Note to self: no masks allowed
I thought about this when I was asked to visit someone’s blog the other day and I stumbled on THIS particular post. I could see the pain behind the words and it made me think of Janet and Gayle and all those women –old and young- who told me similar stories about hurtful nicknames that began in their family as ticklish jokes. Nicknames that ended up shaping their body image. And causing endless insecurity about their looks. And there are times when I read something like this that I want to immediately write.
I want to go to my keyboard and be driven by a sense of indignation on the behalf of females everywhere, who had to endure dumb nicknames about their body parts when they were kids. I want to say something helpful to parents so they won’t inadvertently wound the blooming self image of a young girl.
Because I believe there are some experiences that are quintessentially female. That there are certain kinds of experiences we’ve all brushed up against, as girls and women.
A scalding comment from a “mean girl.”
The hurtful realization that we’ve been excluded.
Comparing ourselves and feeling down
These are wounding experiences that can transform us into more empathic, stronger women, and leave us with something substantive to say. Because when it comes down to it, it’s our struggles that expose our deeper selves, and our imperfections that help us connect with others.

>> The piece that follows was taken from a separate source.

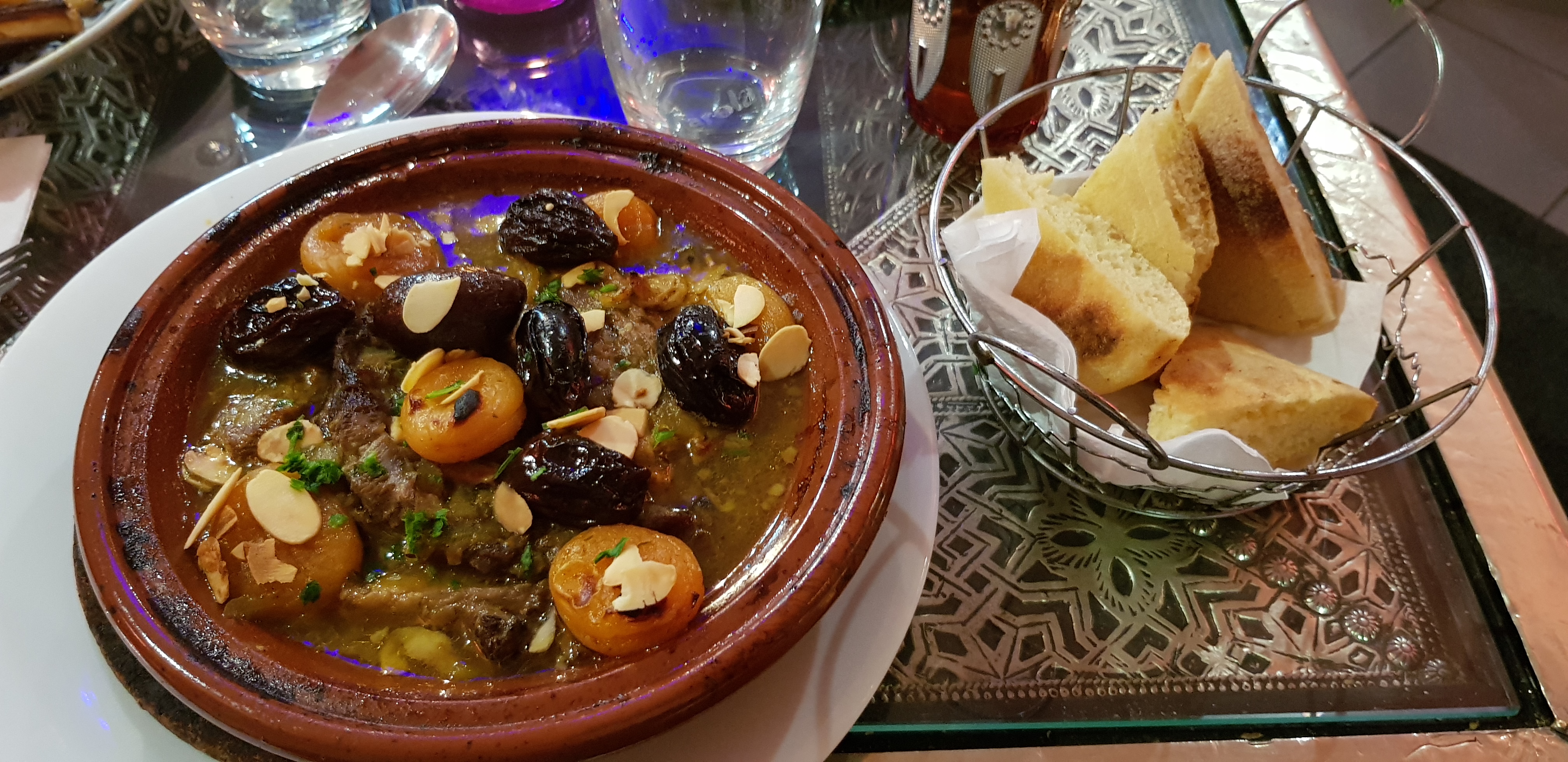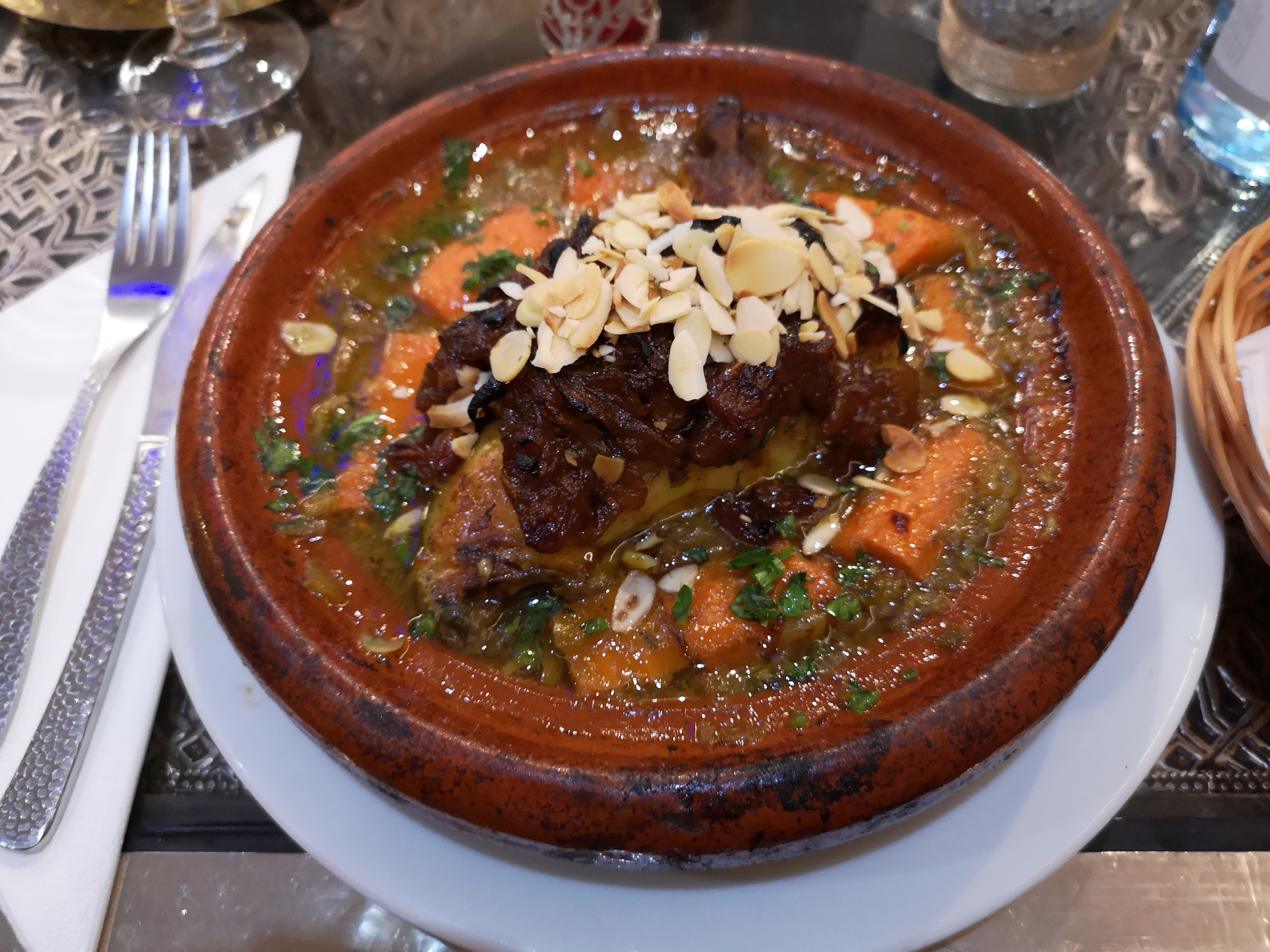 Le soir de la finale de l’Euro de foot, l’ambiance n’était pas très locale, mais j’ai vu le début du match ... Nous avons pris des tajines de poulet aux raisins secs et amandes. C’était très bon ! Le service etait très sympa. Le serveur était rapide et drôle ... Un bon moment... La prochaine fois, j’essaierai la pastilla de poulet au miel et amandes. Ce que j’ai vu sur le plat d'un autre client semblait plein de promesses.

Here’s an experience I had that left a lasting impression. And taught me something important. It was really a brief, fleeting memory but it’s seared in my mind because it was a uniquely female experience. I had it because I was a woman therapist working with eating disorders (which are predominately women).
It goes like this.
I’m inside the session room for what seemed like hours of anguish. I remember the person I was with, and the slow-motion pace of the words that were being whispered quietly in the room. And me, listening. Being right there, huddled close inside the dark, obsessive calorie-counting world of a very sick anorexic…minutes ticking away. While we examined her fears about getting fat.
And then it was over.
And I was walking outside into the brilliant sunshine
and almost immediately into a conversation with women friends. In a small group. Healthy, laughing women who seemed miles away from the dark hole of depression that was behind me. And here I was, now with ‘regular’ women who were talking. And also engrossed in a conversation about
losing weight and working out. And talking about their diet. And calories.

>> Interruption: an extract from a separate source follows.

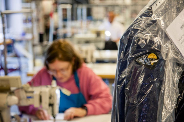 “Neem het retoucheren van kledij. Dat is vrij moeilijk en vergt best wat vakkennis. Omdat die er vaak niet is, zijn we op zoek gegaan makkelijkere stikwerken. Zo hebben we een samenwerking opgezet met het Belgisch leger. Telkens als iemand in het leger promotie maakt, moet er een kenteken of extra streepje op het uniform gestikt worden. Dat doen wij nu. Het is eenvoudiger dan een retouche.”
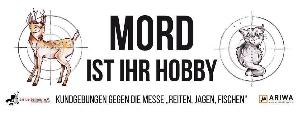 Anlässlich der Messeveranstaltung „Reiten, Jagen, Fischen“, die in diesem Jahr zum 18. Mal stattfindet, führen die Vereine „Animal Rights Watch“ und „die tierbefreier“ am 19. März 2016 zwei Kundgebungen durch, die die Erfurter über die Folgen und Ethik der sog. Hobbys — als solche werden sie in der Veranstaltungsbeschreibung angepriesen — aufklären.

So much so, that I shook my head and felt a dizzying sense of déjà vu. And afterwards, I was struck by the slippery slope that can take us from wanting to look better into a downright obsession. But most powerful about this experience was the realization that we are all really… not so different.

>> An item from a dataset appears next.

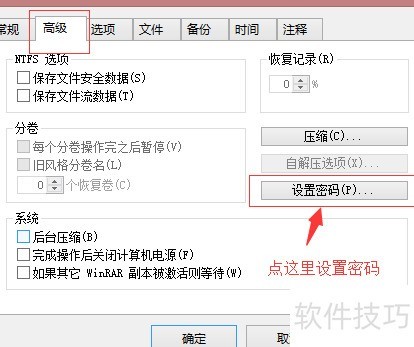 4、 选好文件后,进入高级选项,点击设置密码进行加密操作。

In fact, it’s downright humbling how quickly we can be brought to our knees.
Yes, there are so many moments that deserve reflection. And words.
Words offer such amazing possibilities to inspire and help others grow.
With words, we can create something beautiful.
So with this in mind I ask myself, is my blog what I want it to be?
and the answer is,
Note to self: it’s all about the journey.
Wishing you a happy and safe transition into 2013!
It’s going to be an amazing year, I really think so.
Thank you for being here, my friend.